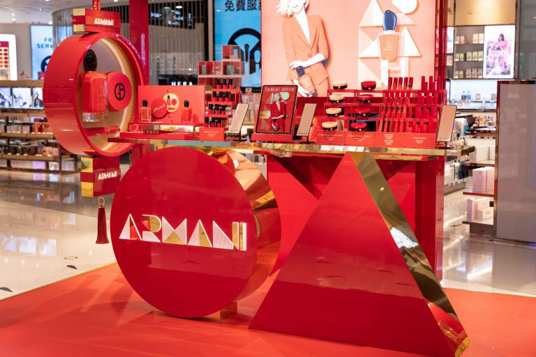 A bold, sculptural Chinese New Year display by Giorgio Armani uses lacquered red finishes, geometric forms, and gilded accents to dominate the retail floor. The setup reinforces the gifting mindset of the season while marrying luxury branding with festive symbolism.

----

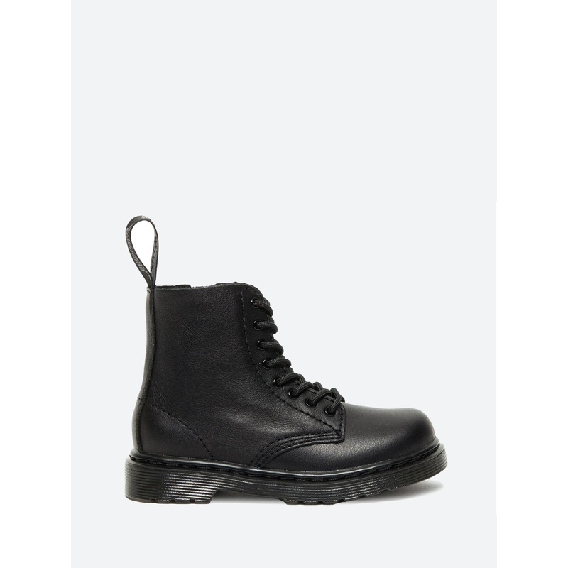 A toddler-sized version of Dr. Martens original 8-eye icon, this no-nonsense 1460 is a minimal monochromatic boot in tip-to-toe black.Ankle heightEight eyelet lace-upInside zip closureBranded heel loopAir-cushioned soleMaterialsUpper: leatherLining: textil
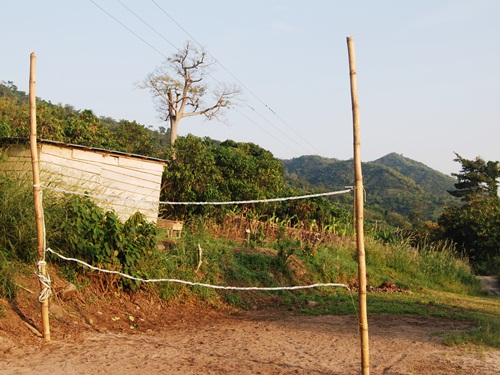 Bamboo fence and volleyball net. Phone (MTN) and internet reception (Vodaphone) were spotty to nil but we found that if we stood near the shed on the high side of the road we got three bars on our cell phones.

----

What is required: Take the lines above starting at the one containing "A toddler-sized version" and ending at the one containing "Bamboo fence and", and print them again exactly, without pictures.

Output of the task:
 A toddler-sized version of Dr. Martens original 8-eye icon, this no-nonsense 1460 is a minimal monochromatic boot in tip-to-toe black.Ankle heightEight eyelet lace-upInside zip closureBranded heel loopAir-cushioned soleMaterialsUpper: leatherLining: textil
 Bamboo fence and volleyball net. Phone (MTN) and internet reception (Vodaphone) were spotty to nil but we found that if we stood near the shed on the high side of the road we got three bars on our cell phones.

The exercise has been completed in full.